どうしたものか。逡巡した後、彼は財布を掴んで席を立とうと、して、やめた。
彼女から言葉をかけられた為である。
先と同様に、それも己を困惑させるものに他ならなかったが。
「貴様、何か受け継いでいるものはないか?」
「受け継いでいるもの……」
同じ言葉を反芻し、記憶を探る。
考えごとしてると眉間に皺寄っちゃうよなーってそうじゃなくて。
自室には漫画やらゲームやらフィギュアやらが大量に安置されているので、らしいものはない。
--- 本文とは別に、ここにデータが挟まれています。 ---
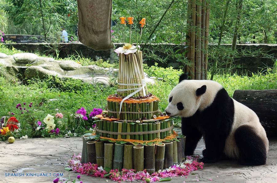 SICHUAN, agosto 23, 2017 (Xinhua) -- El panda gigante Bao Bao toma su tarta de cumplea?os en el Centro de Conservación e Investigación de China para Pandas Gigantes, en la ciudad de Dujiangyan, provincia de Sichuan, en el suroeste de China, el 23 de agosto de 2017. Bao Bao, una hembra de panda gigante nacida en Estados Unidos, celebró el miércoles su cuarto cumplea?os en la provincia de Sichuan. El personal de la base Dujiangyan del Centro de Conservación e Investigación de China para Pandas Gigantes preparó un pastel de cumplea?os de 50 kilos, hecho de bambú, zanahorias, bollos al vapor y manzanas. Bao Bao nació el 23 de agosto de 2013 en el Zoológico Nacional Smithsonian, en Washington D. C., el segundo ejemplar que nace allí. (Xinhua/Yuan Qiuyue)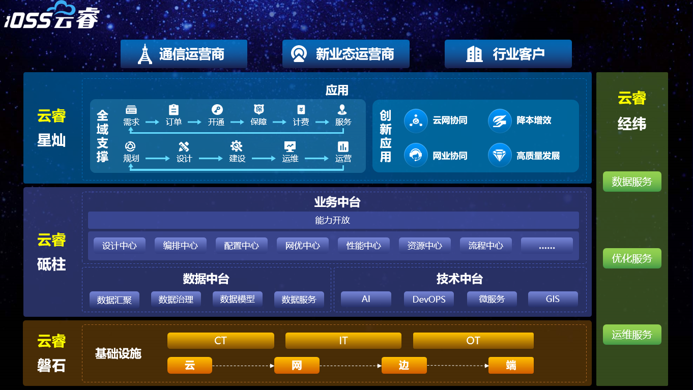 Ebpay(中国)iOSS云睿包括4大方向,涵盖通信运营商所需要的核心场景和能力:云睿磐石、云睿砥柱、云睿星灿、云睿经纬。

有名日本人画家によって描かれたとかいう掛け軸なら床の間にあるが、絶対パチモンに決まっている。誰だよアダム・ニートって。
どの辺が日本人画家なんだ。
ニートとか大丈夫か。
他に思い当たる場所では離れにある蔵くらいだが、祖父が他界してから一切手が付けられていないらしい。
その祖父が亡くなったのもワシが産まれる十年程前だったから、彼女の言っているものが蔵にある可能性は低い。
だとすれば
「もしかしてコレか?」
スポーツバックを漁り、風呂敷のような布に包まれた件のものと思われるブツを取り出した。
日本刀のすぐ横に置く。
それは、ずっと前、遠縁の人から貰ったものだった。
肌身離さず持っていろと言われ、律儀だったワシは言葉通り常持ち歩いていて、今に至る。
中身が何であるかは知らない。
別段、見ることを禁止されてはいなかった。
ただ、なんとはなしに、気が乗らなかったとか興味がなかったとか。
とにかく開けようと思ったことは微塵もなかった。
「君は……コレが何か知っているのか?」
「…………せ」
「え?」
「私に今すぐそれを貸せ!!!」
「は、はい!?」
まあ、なんということでしょう。感情の起伏が激しすぎる。
それにしてもよく通る声だ。ワシは他の客に迷惑をかけぬよう、コンマ0.1秒でブツを彼女に手渡した。
衝撃も衝撃的な、あの初対面から早数時間。
やっと分かった。
彼女は、ツンデレでもヤンデレでも殺ンデレでもない。
そうツンギレ。
美人は性格に難ありって聞くけど、想像以上だぞ。
個人的に攻略を後に回したいタイプだ。
そんなくだらないことを考えていたら、とうに包みは三成によって開けられていた。
何年ぶりかの時を経て人目に、空気に触れられた、それ。
「手甲……?」
黒地に眩しいばかりの金色の手甲。ところどころに傷が入っている。
酷く、懐かしい気が、した。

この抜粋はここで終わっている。